From a Roman Catholic perspective, I was very glad to see the unapologetic language of prayer invoking Jesus Christ, the saints, God the Father, and the Holy Spirit. These are supposed to be Vatican Miracle Investigators, so they better get that stuff right. But this was a poor man's Da Vinci Code with its inclusion of Catholic conspiracy politics. I suppose the author had to draw on something to create a nemesis in Fr. Julia, and a Bourbon alchemist isn't a bad solution, but Nazi influence found in Mexico (not Argentina, huh?) is the kind of stuff Catholics view the same way Jews look at Rothschild banking. There really is no there, there.

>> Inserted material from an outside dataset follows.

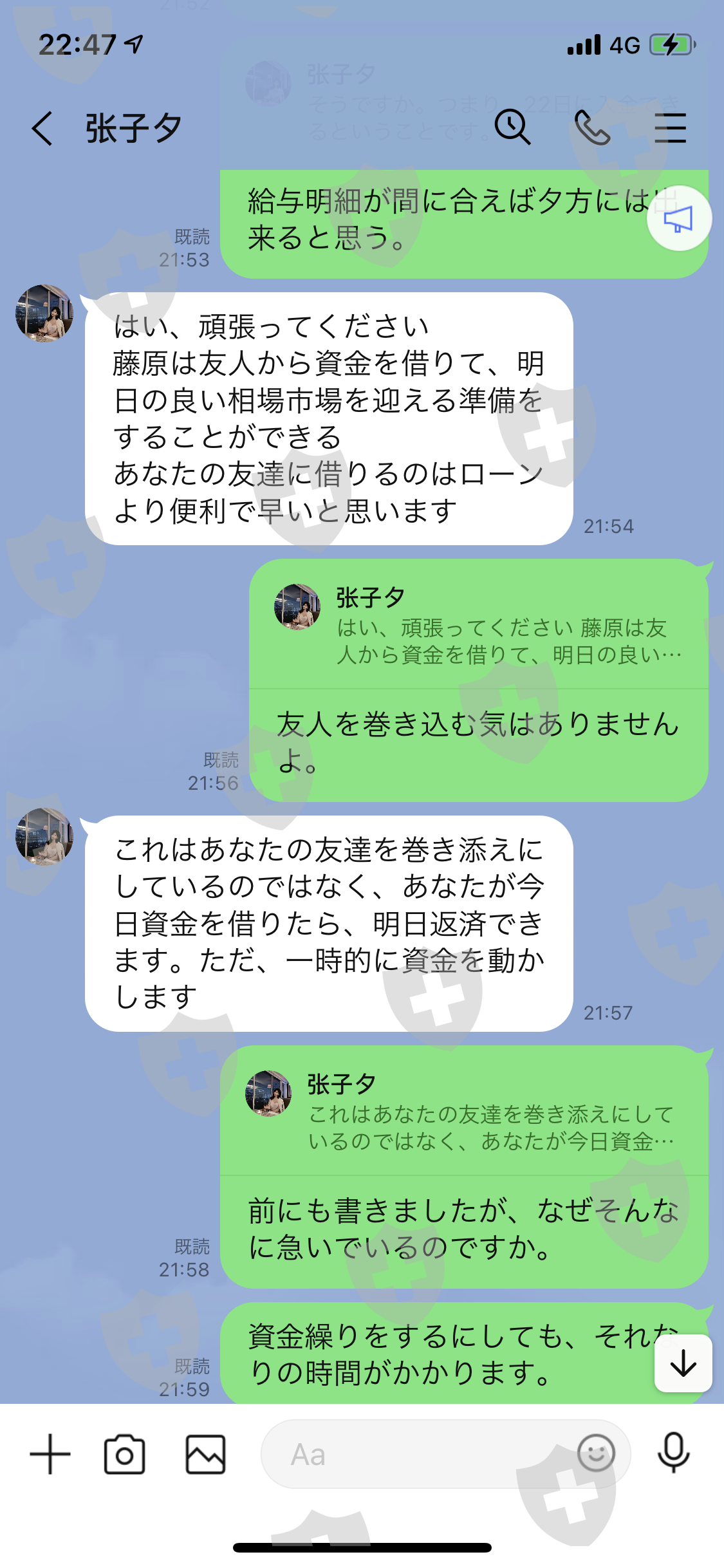 すると今度はLINE PHONEから無言電話を連発するなど質の悪い嫌がらせを行っています。その後勝手に結婚までのシナリオを作ってきたり、投資会社の変更を仄めかした後、4月7日を最後に連絡が無くなりました。※投資会社の変更については応じておりませんこの間約1ヶ月間、典型的な詐欺師の手口です。

I'm actually intrigued in the choice of introducing Fr. Julia in the context of African missionary work and was glad that the Crusades and the Knights Templar weren't even mentioned. There's a lot of Catholic conspiracy history to draw on, but to go to the places where there's enough faith to produce miracles, like Central and South America or Africa, was a very good choice. Modern Italians have hardly any faith at all, so the whole Monte Village mystery was just to get Fr. Julia and the Bourbon gold to stay in the viewers' minds.

The pure strength of this show, however, was in its niche genre for yaoi (gay love stories told in such a way to excite heterosexual females). All the tropes were there. The art style was there. The lack of focus on any female character was there. The fujoshi would eat this show up. The audience who would appreciate this show the most would be any Japanese fujoshi who went to a Catholic boarding school. So, any of the side characters in your classic yuri story...

The final question of whether a show is good or bad for me is whether I can recommend it to a broader audience instead of a niche demographic. Sadly, no. The mystery crime procedural premise was just executed too poorly to hold interest, so I can't. But if you just happen to be a Japanese woman who went to an all girl Catholic boarding school, I'm telling you, you need to watch this. The tall guy wears an apron when he cooks! You know what I'm talking about.